BEGIN
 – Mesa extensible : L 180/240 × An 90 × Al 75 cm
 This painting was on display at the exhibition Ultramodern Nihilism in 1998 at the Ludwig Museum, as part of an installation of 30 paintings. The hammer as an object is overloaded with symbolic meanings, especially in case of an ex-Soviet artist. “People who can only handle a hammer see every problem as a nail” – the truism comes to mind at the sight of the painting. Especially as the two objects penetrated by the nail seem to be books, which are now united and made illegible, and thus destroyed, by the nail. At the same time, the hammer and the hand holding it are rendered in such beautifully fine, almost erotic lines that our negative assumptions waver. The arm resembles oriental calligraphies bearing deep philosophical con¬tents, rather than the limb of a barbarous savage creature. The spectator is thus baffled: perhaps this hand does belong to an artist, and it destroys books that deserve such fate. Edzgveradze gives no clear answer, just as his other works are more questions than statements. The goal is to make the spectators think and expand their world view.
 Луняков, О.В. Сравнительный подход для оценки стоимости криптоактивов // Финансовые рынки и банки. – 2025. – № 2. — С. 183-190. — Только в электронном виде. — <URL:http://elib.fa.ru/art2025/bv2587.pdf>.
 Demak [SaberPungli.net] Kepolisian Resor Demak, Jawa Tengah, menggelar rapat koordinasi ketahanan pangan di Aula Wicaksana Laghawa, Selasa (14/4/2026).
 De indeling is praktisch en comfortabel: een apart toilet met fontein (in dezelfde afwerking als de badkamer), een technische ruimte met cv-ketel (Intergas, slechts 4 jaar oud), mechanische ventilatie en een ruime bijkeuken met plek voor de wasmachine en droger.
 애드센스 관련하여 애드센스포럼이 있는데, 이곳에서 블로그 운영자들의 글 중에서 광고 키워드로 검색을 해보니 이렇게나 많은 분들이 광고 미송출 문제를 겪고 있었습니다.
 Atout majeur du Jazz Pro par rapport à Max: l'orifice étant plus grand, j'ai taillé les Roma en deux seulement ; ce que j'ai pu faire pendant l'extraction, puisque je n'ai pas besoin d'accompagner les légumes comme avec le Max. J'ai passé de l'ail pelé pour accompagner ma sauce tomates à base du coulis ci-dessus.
END
BEGIN
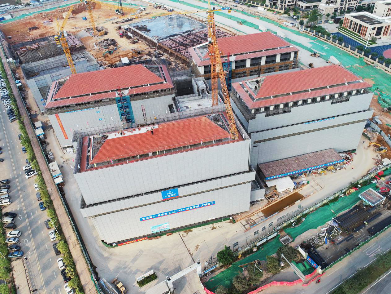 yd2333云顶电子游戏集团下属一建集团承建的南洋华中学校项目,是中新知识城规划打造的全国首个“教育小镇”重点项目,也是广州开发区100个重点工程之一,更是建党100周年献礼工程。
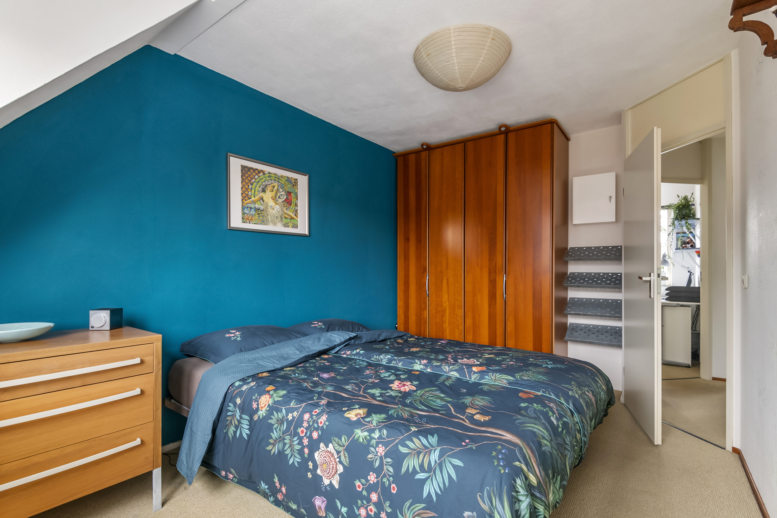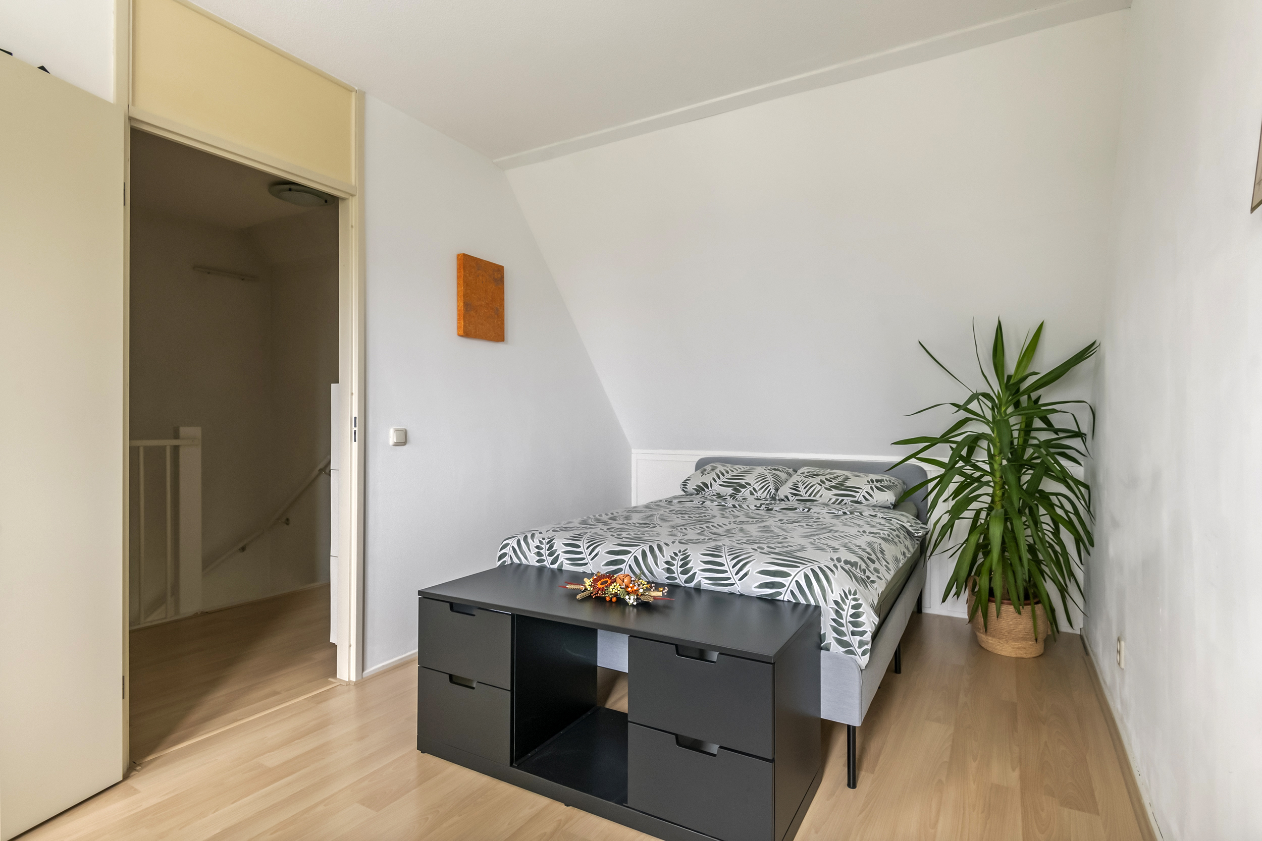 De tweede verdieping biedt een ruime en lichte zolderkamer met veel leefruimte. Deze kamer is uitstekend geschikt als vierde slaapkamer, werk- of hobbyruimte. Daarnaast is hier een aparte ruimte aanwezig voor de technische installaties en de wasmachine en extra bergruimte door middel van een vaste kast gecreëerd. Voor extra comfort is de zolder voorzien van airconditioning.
END
* **The task**: Give an exact copy of the lines above from the line with "Demak [SaberPungli.net] Kepolisian" up to and including the line with "애드센스 관련하여 애드센스포럼이", and leave everything else out.

* **Response**:
 Demak [SaberPungli.net] Kepolisian Resor Demak, Jawa Tengah, menggelar rapat koordinasi ketahanan pangan di Aula Wicaksana Laghawa, Selasa (14/4/2026).
 De indeling is praktisch en comfortabel: een apart toilet met fontein (in dezelfde afwerking als de badkamer), een technische ruimte met cv-ketel (Intergas, slechts 4 jaar oud), mechanische ventilatie en een ruime bijkeuken met plek voor de wasmachine en droger.
 애드센스 관련하여 애드센스포럼이 있는데, 이곳에서 블로그 운영자들의 글 중에서 광고 키워드로 검색을 해보니 이렇게나 많은 분들이 광고 미송출 문제를 겪고 있었습니다.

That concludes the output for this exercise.